__Extracted data entries__
"""
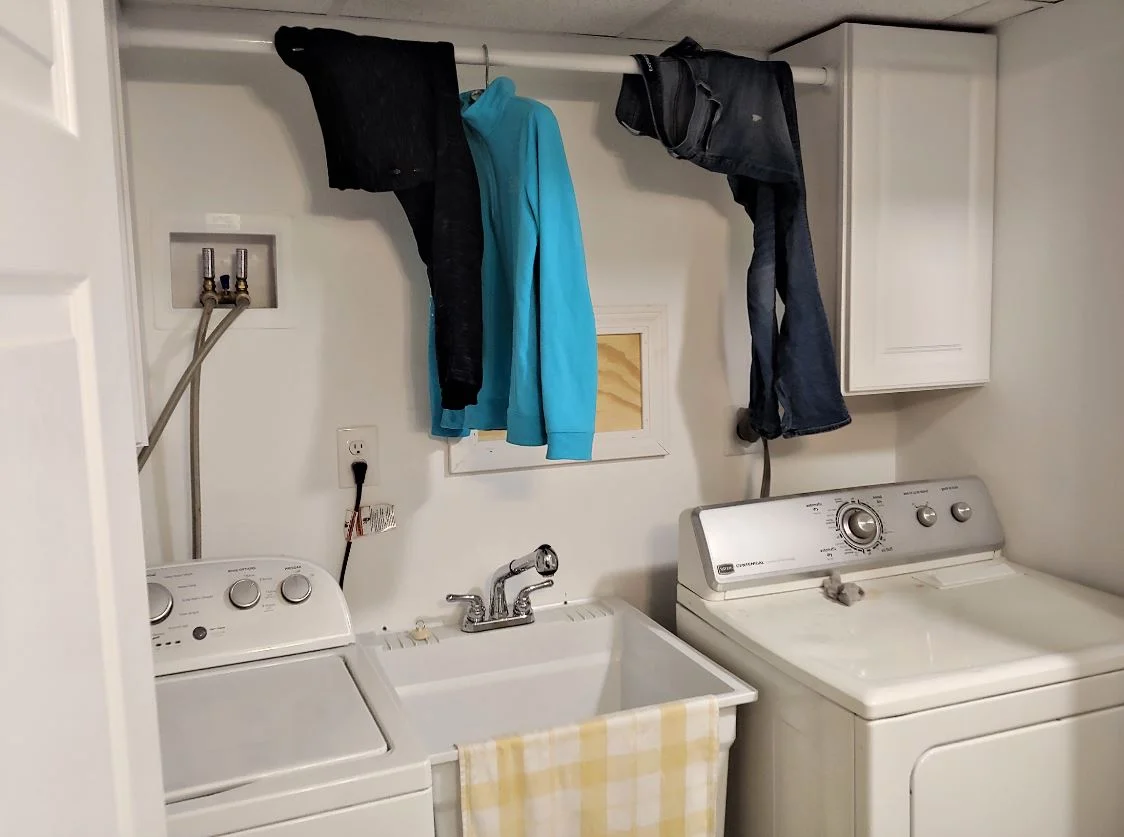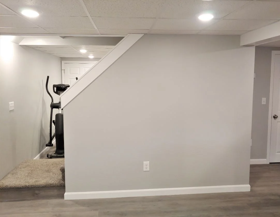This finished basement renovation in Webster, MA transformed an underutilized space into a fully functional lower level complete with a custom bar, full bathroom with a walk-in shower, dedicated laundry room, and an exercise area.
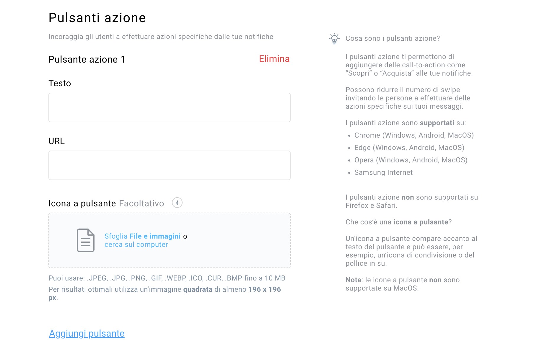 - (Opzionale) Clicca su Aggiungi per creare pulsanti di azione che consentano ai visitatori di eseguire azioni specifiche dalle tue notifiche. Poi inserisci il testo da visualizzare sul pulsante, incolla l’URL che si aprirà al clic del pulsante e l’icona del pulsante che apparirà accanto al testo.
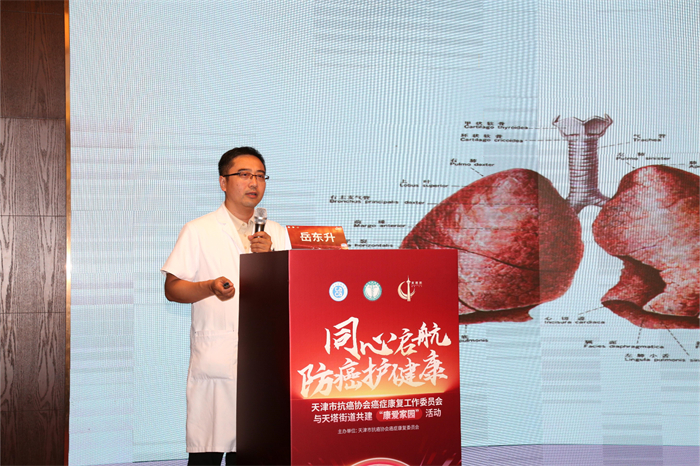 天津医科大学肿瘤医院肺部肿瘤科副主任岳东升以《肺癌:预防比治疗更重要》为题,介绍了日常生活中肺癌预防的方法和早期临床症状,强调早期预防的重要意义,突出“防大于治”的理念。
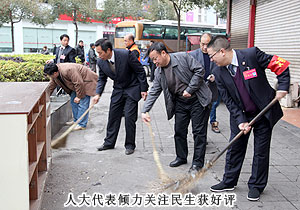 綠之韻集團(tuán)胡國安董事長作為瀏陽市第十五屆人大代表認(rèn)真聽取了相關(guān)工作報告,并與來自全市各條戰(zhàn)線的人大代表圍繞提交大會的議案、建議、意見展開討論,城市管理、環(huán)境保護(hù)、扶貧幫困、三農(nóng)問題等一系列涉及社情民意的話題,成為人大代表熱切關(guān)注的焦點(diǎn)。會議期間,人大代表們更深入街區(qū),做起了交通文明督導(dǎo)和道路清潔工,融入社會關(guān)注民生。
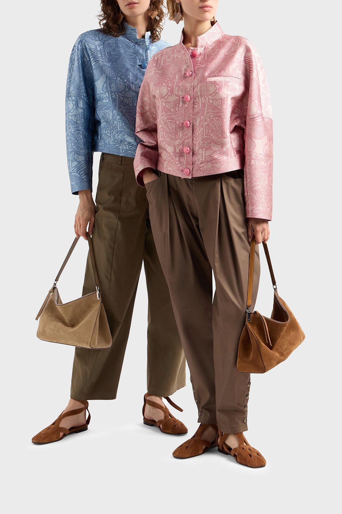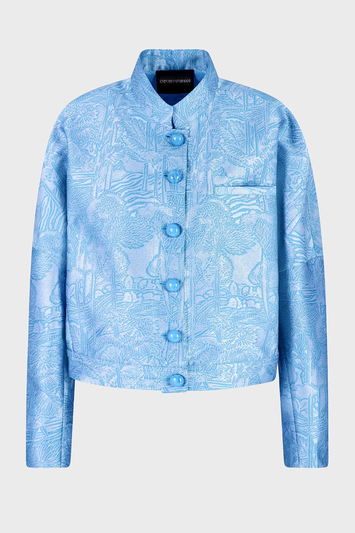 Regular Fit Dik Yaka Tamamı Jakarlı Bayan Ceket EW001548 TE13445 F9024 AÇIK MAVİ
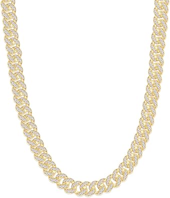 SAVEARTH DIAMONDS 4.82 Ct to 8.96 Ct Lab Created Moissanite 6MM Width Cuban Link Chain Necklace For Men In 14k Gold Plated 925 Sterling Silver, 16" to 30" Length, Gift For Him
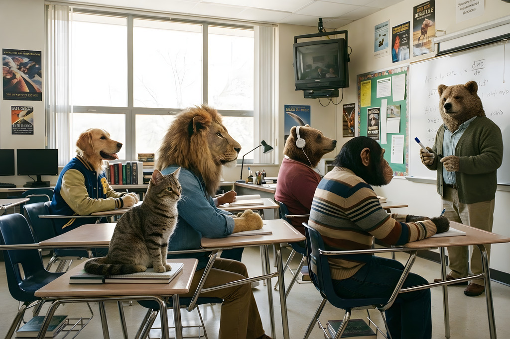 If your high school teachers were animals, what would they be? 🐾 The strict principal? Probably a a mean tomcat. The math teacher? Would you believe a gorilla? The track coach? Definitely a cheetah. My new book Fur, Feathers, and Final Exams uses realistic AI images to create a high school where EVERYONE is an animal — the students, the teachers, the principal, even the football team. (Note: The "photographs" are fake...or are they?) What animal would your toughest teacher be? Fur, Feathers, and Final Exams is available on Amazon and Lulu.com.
"""
Go through the data above and print exactly the lines from its first line through the line holding "天津医科大学肿瘤医院肺部肿瘤", both included, leaving pictures aside.

This finished basement renovation in Webster, MA transformed an underutilized space into a fully functional lower level complete with a custom bar, full bathroom with a walk-in shower, dedicated laundry room, and an exercise area.
 - (Opzionale) Clicca su Aggiungi per creare pulsanti di azione che consentano ai visitatori di eseguire azioni specifiche dalle tue notifiche. Poi inserisci il testo da visualizzare sul pulsante, incolla l’URL che si aprirà al clic del pulsante e l’icona del pulsante che apparirà accanto al testo.
 天津医科大学肿瘤医院肺部肿瘤科副主任岳东升以《肺癌:预防比治疗更重要》为题,介绍了日常生活中肺癌预防的方法和早期临床症状,强调早期预防的重要意义,突出“防大于治”的理念。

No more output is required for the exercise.